By Transcend co-founder Jeff Wetzler
My first job out of college was at an organization whose recruitment slogan was, “A place for optimists to change the world.” Its founder once said, “Studies show that pessimists are better than optimists at accurately predicting reality. But optimists are better than pessimists at altering reality.” Personally, I’ve always oriented more towards optimism than pessimism, but there is a lot that is deeply broken in our world, and I believe we have to confront that in a clear-eyed way. For this reason, I consider myself a “dissatisfied optimist.”
This has been a theme throughout my career – in the private sector, as a national leader at Teach For America, when serving on boards of charter schools and other education organizations, and in my current role as co-head of Transcend. In fact, when Aylon Samouha and I launched Transcend, we co-wrote a something of a founding manifesto with two of our founding Board members, Diane Tavenner and Stacey Childress. We called it, “Dissatisfied Yet Optimistic,” and we outlined the reasons why the mainstream design of school was failing to prepare young people for the demands of today and the opportunities of tomorrow. Several years later, as our organizations continued working toward addressing this problem, we reflected on the journey through writing a sequel called, “Still Dissatisfied, More Optimistic.”
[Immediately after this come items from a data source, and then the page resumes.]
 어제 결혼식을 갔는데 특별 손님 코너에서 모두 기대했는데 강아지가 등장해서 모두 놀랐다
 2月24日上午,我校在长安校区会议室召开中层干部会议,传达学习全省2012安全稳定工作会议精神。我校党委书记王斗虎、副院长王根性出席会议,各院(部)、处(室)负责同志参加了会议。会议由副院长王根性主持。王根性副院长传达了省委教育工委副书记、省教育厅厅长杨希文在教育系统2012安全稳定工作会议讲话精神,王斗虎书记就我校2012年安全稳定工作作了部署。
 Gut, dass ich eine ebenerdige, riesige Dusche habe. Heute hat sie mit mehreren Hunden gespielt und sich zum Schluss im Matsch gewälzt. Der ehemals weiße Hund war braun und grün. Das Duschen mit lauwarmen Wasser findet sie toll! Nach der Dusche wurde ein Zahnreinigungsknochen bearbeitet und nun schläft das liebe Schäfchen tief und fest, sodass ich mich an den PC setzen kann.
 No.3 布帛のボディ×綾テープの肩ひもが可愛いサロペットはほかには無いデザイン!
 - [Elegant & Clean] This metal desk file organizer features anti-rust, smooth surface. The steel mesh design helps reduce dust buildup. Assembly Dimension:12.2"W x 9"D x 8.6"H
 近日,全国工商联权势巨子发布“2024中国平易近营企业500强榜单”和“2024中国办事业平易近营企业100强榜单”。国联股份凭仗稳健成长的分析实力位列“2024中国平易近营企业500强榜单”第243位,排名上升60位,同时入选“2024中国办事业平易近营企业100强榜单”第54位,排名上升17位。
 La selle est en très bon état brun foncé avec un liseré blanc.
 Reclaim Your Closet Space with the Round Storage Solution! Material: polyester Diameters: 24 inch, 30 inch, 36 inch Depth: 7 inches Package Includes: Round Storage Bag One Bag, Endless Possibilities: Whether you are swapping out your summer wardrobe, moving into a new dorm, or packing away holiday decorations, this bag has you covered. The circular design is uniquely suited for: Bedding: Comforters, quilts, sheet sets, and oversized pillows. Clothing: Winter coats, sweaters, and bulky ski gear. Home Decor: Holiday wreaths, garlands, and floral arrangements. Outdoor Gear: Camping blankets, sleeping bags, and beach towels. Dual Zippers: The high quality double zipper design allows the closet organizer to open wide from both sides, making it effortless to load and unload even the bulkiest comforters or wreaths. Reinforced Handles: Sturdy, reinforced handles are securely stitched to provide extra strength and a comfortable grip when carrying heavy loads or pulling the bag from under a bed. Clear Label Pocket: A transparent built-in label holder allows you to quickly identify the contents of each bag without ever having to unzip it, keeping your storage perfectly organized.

Today, it is a complex moment in American public education. Brilliant, committed educators and supporters of this work have labored tirelessly to expand and improve access and opportunities. So many communities across the country have made great progress in expanding educational access and quality and in combating opportunity gaps. A child born today in many communities in America has better educational options than ten or twenty years ago. So much can and should be learned from what is working. Yet in other cases, progress has been elusive: good things happen but then some change in the situation leads to backsliding. In far too many other situations, educational injustice persists, as students – especially young people of color and in under-resourced communities – are still being denied the opportunities they deserve. In all of these cases, the complexities and challenges have been greater than everyone involved anticipated. Our field is highly fractured, with well-intentioned actors – all of whom have vital nuggets of insight, in my opinion – diagnosing the problem differently from one another, defining progress differently, pulling schools in different directions, and sometimes questioning one another’s efforts.
And yet, I believe this is a moment of tremendous possibility. At Transcend, we and our partners are re-examining what schooling can be, co-creating new designs, and working towards the day when all young people learn in environments that enable them to thrive in and ultimately transform the world. Grounded in that vision – while cognizant of the challenges and complexities of this work – I want to name several reasons why we can be more optimistic now more than ever:
Students and families are increasingly naming the limits of the current design of school and articulating a vision for something more and different – they want and deserve rigor, deeper engagement, and more holistic experiences.
As a field, our understanding of equity and what it takes to close the opportunity gap in our educational system has deepened, with a more explicit and nuanced discourse about systemic racism, oppression, and injustice; more research on and examples of asset-based, trauma-responsive interventions; and more brilliant efforts to bring together equity and design. Further, actors across the field are increasingly respecting how critical it is for communities to set the local vision and drive local change efforts.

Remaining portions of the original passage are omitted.